相反,我认为这种情况需要直接 AST 检查,所以你有 完全控制过滤。使用匹配器(如果你愿意)之后 找到所有
FunctionDecl
节点,使用以下方式导航至声明:
FunctionDecl::getBody()
获得身体
Stmt
,
dyn_cast<>
沮丧地
CompoundStmt
,
CompoundStmt::body()
获取 Stmt
, 的可迭代序列
dyn_cast<>
将每个语句向下转换为
DeclStmt
,
DeclStmt::decls()
获得可迭代序列
Decl
,
dyn_cast<>
将每个声明向下转换为
VarDecl
,
最后,
VarDecl::hasInit()
检查初始化程序。
迭代将按照源代码顺序进行,因此您可以获取文本 最后只需记住最后一个未初始化的声明 迭代。
关于来源位置:
DeclStmt::getEndLoc()
将得到声明语句的结尾。
CompoundStmt::getBeginLoc()
将获得左大括号。
以下完整程序演示了该过程:
// match-uninit-decl.cc
// Match uninitialized declarations.
#include "clang/AST/DeclCXX.h" // clang::CXXRecordDecl
#include "clang/ASTMatchers/ASTMatchFinder.h" // clang::ast_matchers::MatchFinder
#include "clang/Tooling/CommonOptionsParser.h" // CommonOptionsParser
#include "clang/Tooling/CompilationDatabase.h" // CompilationDatabase
#include "clang/Tooling/Tooling.h" // clang::tooling::ClangTool
#include "llvm/Support/CommandLine.h" // llvm::cl::OptionCategory
using clang::CXXRecordDecl;
using clang::ast_matchers::MatchFinder;
using clang::dyn_cast;
using clang::tooling::ClangTool;
using clang::tooling::CommonOptionsParser;
using clang::tooling::CompilationDatabase;
using clang::tooling::newFrontendActionFactory;
using namespace clang::ast_matchers;
class HandleMatch : public MatchFinder::MatchCallback {
public:
virtual void run(const MatchFinder::MatchResult &Result) override
{
// Stringify a source location.
auto locStr = [&](clang::SourceLocation loc) -> std::string {
return loc.printToString(*(Result.SourceManager));
};
// Stringify a declaration's location.
auto declLocStr = [&](clang::Decl const *decl) -> std::string {
return locStr(decl->getLocation());
};
llvm::outs() << "match found:\n";
// Defensively make sure we have a function declaration.

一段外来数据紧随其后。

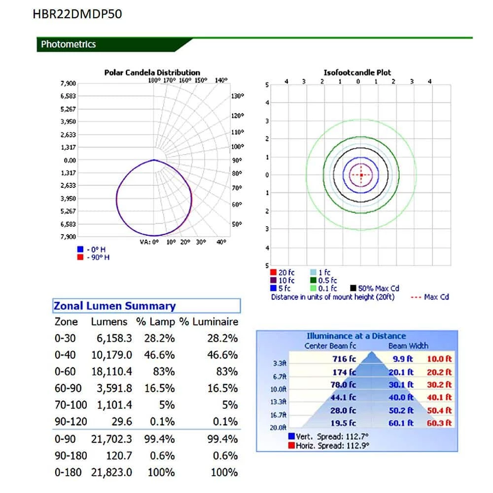 - Uses 120-Watts and produces 22,500 Lumens of daylight (CCT 5000K) at 70 CRI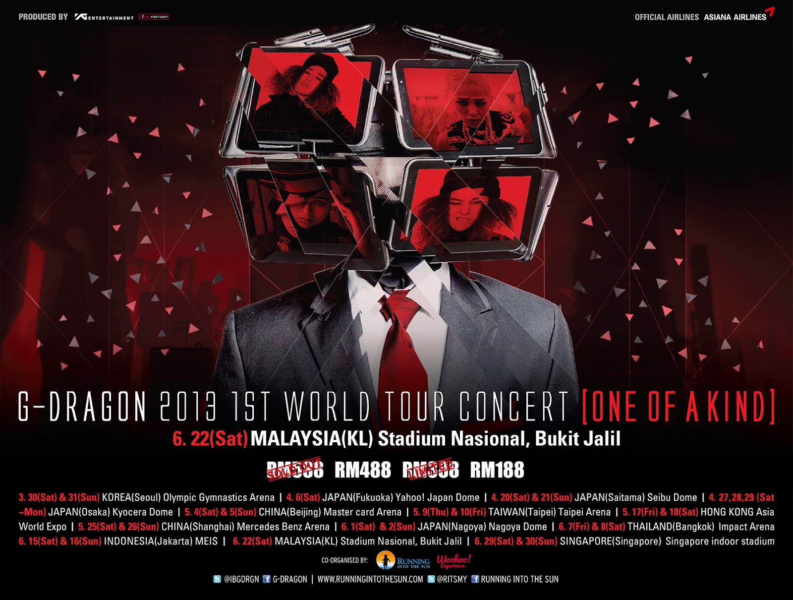 G-DRAGON 2013 WORLD TOUR: ONE OF A KIND in Malaysia concert tickets launched on 11 May 2013, and VIP tickets sold out within an hour, leaving limited Cat 3 tickets, as well as Cat 2 and Cat 4 tickets for sale. Merchandise enjoyed brisk sales during the ticket launch, and limited stocks are available for pre-sale on the RITS website page, www.runningintothesun.com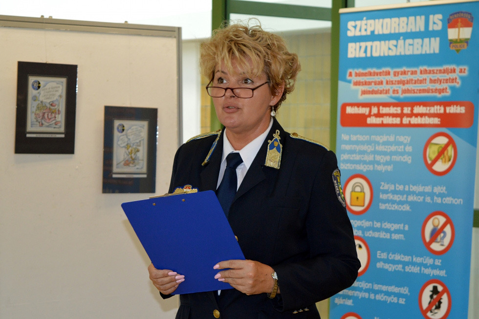 A Békés Megyei Rendőr-főkapitányság Bűnmegelőzési Osztálya minden évben különböző programokkal készül október 1-jére, az idősek világnapjára. Az idős emberek fokozott figyelmet igényelnek – hangsúlyozta Telekné Furák Mónika rendőr alezredes, bűnmegelőzési osztályvezető a Békés Megyei Könyvtárban október 1-jén Boros Béla karikaturista munkáiból nyílt kiállítás megnyitóján.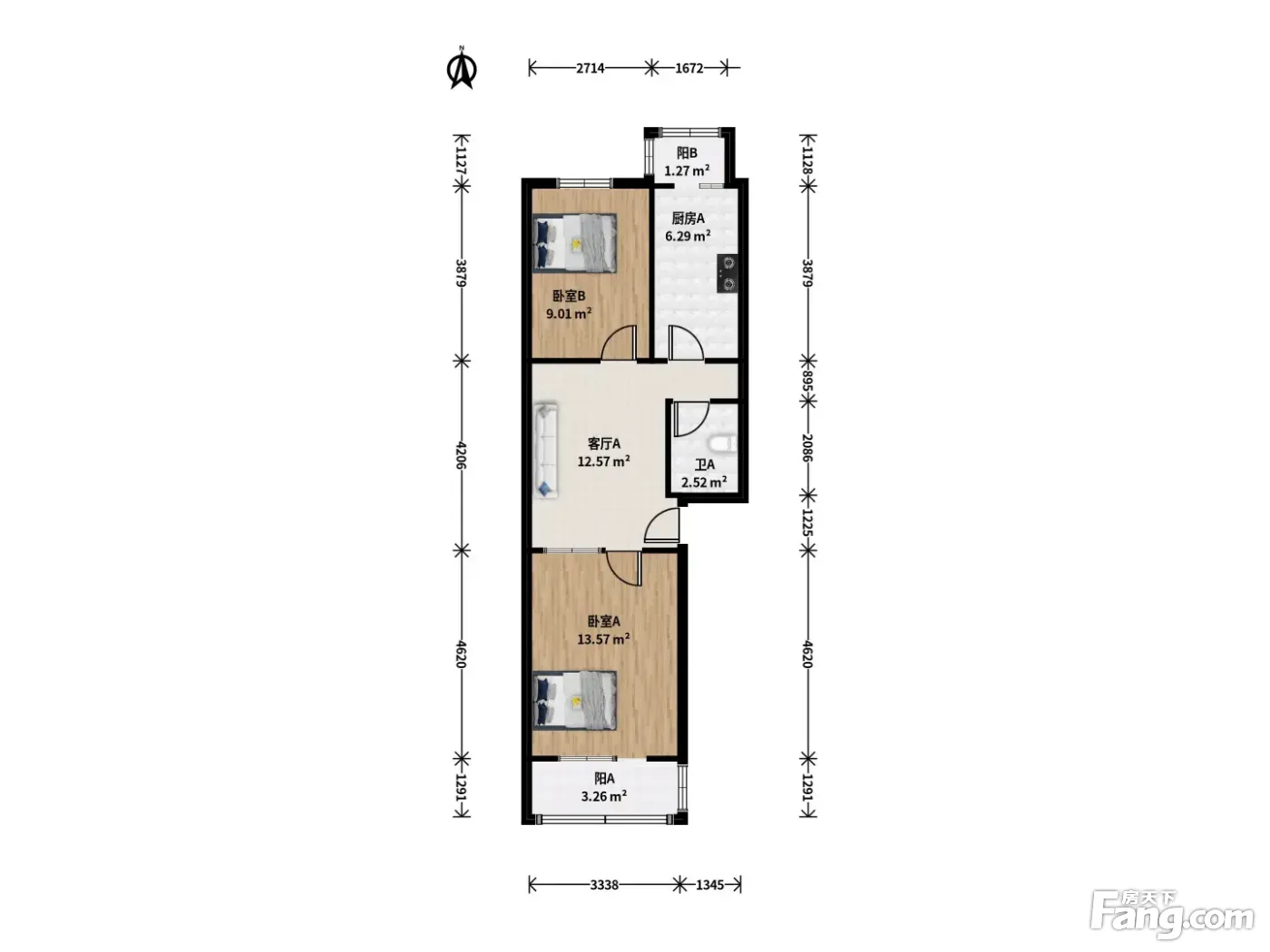新华街六里 2室1厅 南 北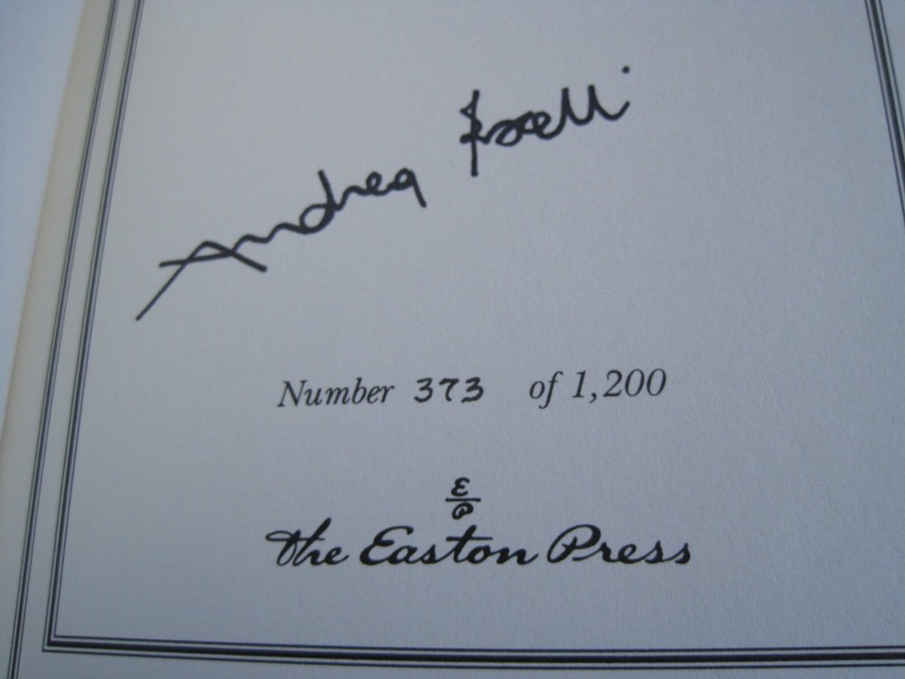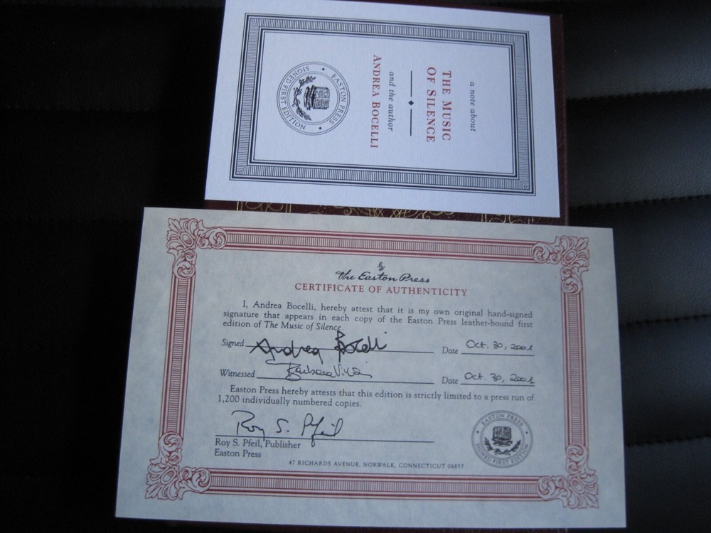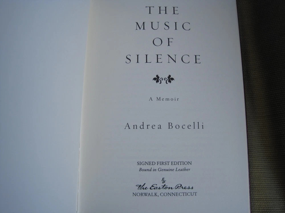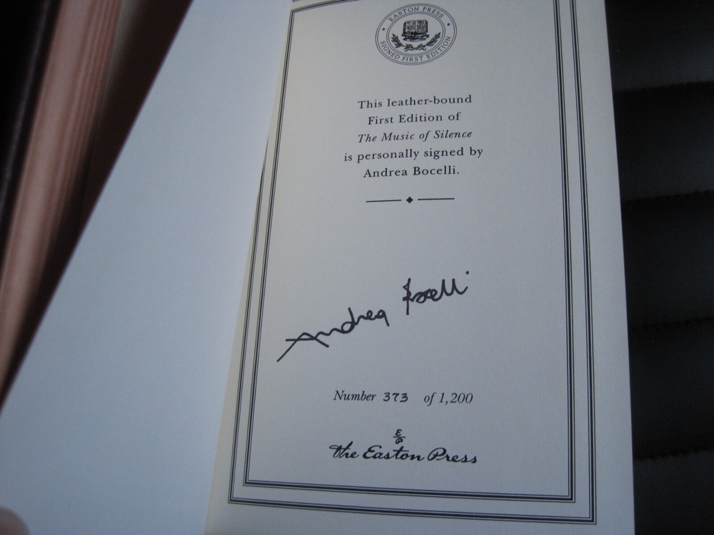 This is a leather bound signed numbered first edition of Andrea Bocelli's best-selling autobiography - "The Music of Silence", a fascinating book written by the famous Italian music legend. A very exciting reading, describing both his successful music career and his dramatic personal life. The book is unread and in great condition, with just a little rubbing of the gold on the cover (see images). Signed by the famous music legend on the limitation page, this is copy number 373 of only 1200 ever printed. The book has the signed and dated certificate of authenticity and the publisher's note card included. Easton Press books are the golden standard in the publishing industry, highly collectible and lasting generations. Easton Press Full Genuine Leather Dubbed Spine Accented Wit 22 kt. Real Gold Satin Ribbon Page Marker Distinctive Cover Design Gilded Page Edges To Protect Against Humidity High Quality Acid - Free paper Smyth-Sewn Pages Silk-Moire Endleaves I combine multiple items for savings on shipping charges. I ship worldwide. Please ask about international shipping charges and/or different shipping options. Please check out my other auctions for several rare signed books for sale. Thank you!

if (clang::FunctionDecl const *functionDecl =
Result.Nodes.getNodeAs<clang::FunctionDecl>("func")) {
llvm::outs() << " func at " << declLocStr(functionDecl) << "\n";
// If it has a body (i.e., it is not a prototype), get it.
if (clang::Stmt const *body = functionDecl->getBody()) {
llvm::outs() << " opening brace at " << locStr(body->getBeginLoc()) << "\n";
// The body should always be a compound statement in C.
if (auto compound = dyn_cast<clang::CompoundStmt>(body)) {
// Keep track of the last uninitialized declaration.
clang::VarDecl const *lastUninitDecl = nullptr;
clang::DeclStmt const *lastUninitDeclStmt = nullptr;
// Look at all statements in the body.
for (clang::Stmt const *stmt : compound->body()) {
// Filter for declaration statements.
if (auto declStmt = dyn_cast<clang::DeclStmt>(stmt)) {
// Iterate over the declarations in that statement. There
// can be more than one, e.g., "int x,y;".
for (clang::Decl const *decl : declStmt->decls()) {
// Filter for those declaring variables, as opposed to
// functions, types, etc.
if (auto varDecl = dyn_cast<clang::VarDecl>(decl)) {
// Does it lack an initializer?
if (!varDecl->hasInit()) {
llvm::outs() << " uninit decl at " << declLocStr(varDecl) << "\n";
lastUninitDecl = varDecl;
lastUninitDeclStmt = declStmt;
}
}
}
}
}
if (lastUninitDecl) {
llvm::outs() << " last uninit decl at " << declLocStr(lastUninitDecl) << "\n";
llvm::outs() << " end loc: " << locStr(lastUninitDeclStmt->getEndLoc()) << "\n";
}
else {
llvm::outs() << " no uninit decls\n";
}
}
}
}
}
};
static llvm::cl::OptionCategory MyToolCategory("my-tool options");
int main(int argc, char const **argv) {
// Boilerplate.
auto ExpectedParser = CommonOptionsParser::create(argc, argv, MyToolCategory);
if (!ExpectedParser) {
llvm::errs() << ExpectedParser.takeError();
return 2;
}
CommonOptionsParser& OptionsParser = ExpectedParser.get();
ClangTool Tool(OptionsParser.getCompilations(),
OptionsParser.getSourcePathList());
MatchFinder finder;
finder.addMatcher(
// The matcher here just finds function declarations in the main
// file. All declaration filtering is done afterward.
functionDecl(
isExpansionInMainFile()
).bind("func"),
new HandleMatch
);
return Tool.run(newFrontendActionFactory(&finder).get());
}
// EOF
Makefile
:
# Makefile
# Default target.
all:
.PHONY: all
# ---- Configuration ----
# Source repo directory to optionally use.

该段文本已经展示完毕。